Chula Vista, California’s design guidelines for storefronts bar grates or grilles except if they are located inside the display window. Boston’s Allston Village takes the same approach in its zoning ordinance.

Family Dollar Stores, a discount chain that targets low-to-middle-income shoppers, uses rolldown barriers “in major urban markets where we anticipate break-ins; all of our neighbors use them,” says Mike Zuege, vice president of loss prevention. In most urban stores, however, the chain uses interior bars with one-foot-by-one-foot openings that are mounted directly to the window frame. Zuege acknowledges that the interior bars “don’t look very good.”

But interior grates aren’t a perfect solution either, says Chris McGoey, a security consultant based in California. Interior grates leave the front window and anything in the display area unprotected, he points out, all without enhancing aesthetics very much. “They’re ugly on the inside” rather than the outside, McGoey says.

Open-mesh grilles may be slightly more pleasing to the eye, but they have their disadvantages as well, adds McGoey. They get rusty and catch garbage.

Also, switching to open-mesh barriers or hardened glass isn’t feasible for mom-and-pop shops, McGoey observes. This is especially true if margins are narrowing because area rents are rising. Moreover, landlords are reluctant to bear the expense when there is no obvious return on investment.

Some sites have attempted to prettify rolldown barriers with murals or other decorations, with mixed success. “Even when you paint murals, it still looks like downtown Baghdad,” says Mike Magill, a retail security expert with 35 years of experience.

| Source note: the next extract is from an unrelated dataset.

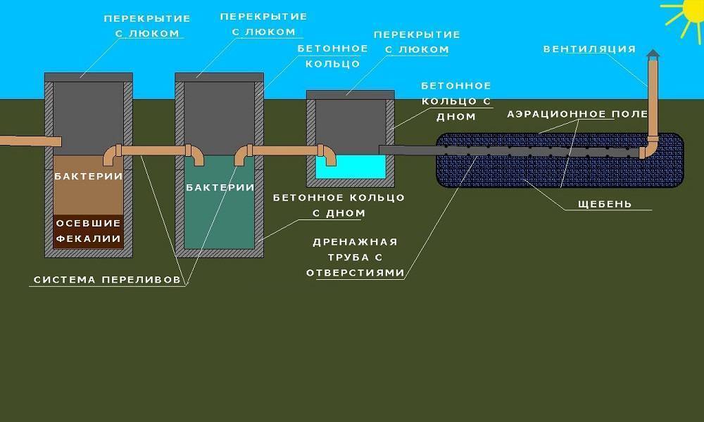 - усложнённая конструкция, предполагающая установку нескольких камер, систем перелива и фильтрации;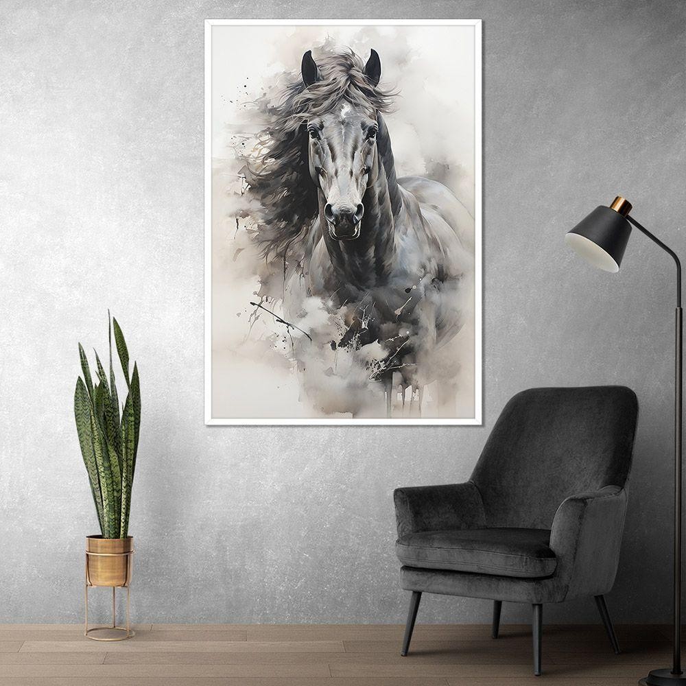 Quadro Decorativo Cavalo Aquarela Moldura Cx Alta 40x60 Titulo Moldura Branca

Magill says if a locality is asking shops to remove security measures, it has a responsibility to enhance police protection. And many localities do marry the idea of increasing police presence with programs that encourage businesses to make their storefronts more welcoming.

Police presence or not, getting shops to remove their barriers will be a hard sell for cities. “For most mom-and-pops, it’s a no-brainer,” says Magill. “If your neighborhood is high crime, you’re not going to participate.”